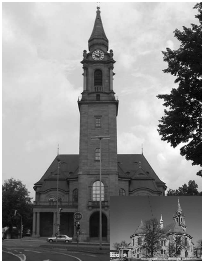
Kościół Pokoju w Ludwigsburgu, gdzie znajduje się dzwon z prabuckiej konkatedry.

W 2004 r. wrócił do Polski „pożyczony dzwon” do parafii w Leśniewie Wielkim (miejscowość koło Zielonej Góry), który został skonfiskowany w 1942 r., a przez 40 lat dzwonił w kościele Św. Bonifacego w Wittmund. Zwrot tego dzwonu był pięknym gestem i przykładem dla innych parafii w których brzmią obce dzwony.
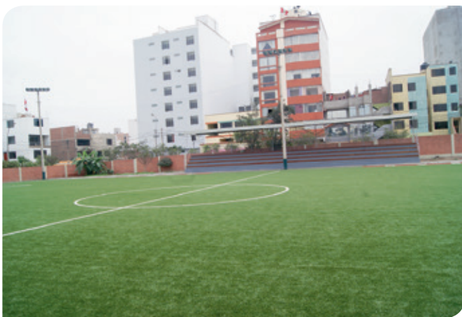
Nuevo grass de alta calidad con certificación FIFA de procedencia Holandesa

La escuela de fútbol de menores del FEBAN, desarrolla sus actividades en el complejo deportivo, ubicado en la calle Engels N° 123 - 125, Urb. La Calera de la Merced, Surquillo. ■

-*-*-

• _What to produce_: Transcribe, from the material above, the stretch starting at the line with "W 2004 r. wrócił" and ending at the line with "Nuevo grass de", both included, exactly. Do not carry over pictures.

• _Output for this task_:
W 2004 r. wrócił do Polski „pożyczony dzwon” do parafii w Leśniewie Wielkim (miejscowość koło Zielonej Góry), który został skonfiskowany w 1942 r., a przez 40 lat dzwonił w kościele Św. Bonifacego w Wittmund. Zwrot tego dzwonu był pięknym gestem i przykładem dla innych parafii w których brzmią obce dzwony.
Nuevo grass de alta calidad con certificación FIFA de procedencia Holandesa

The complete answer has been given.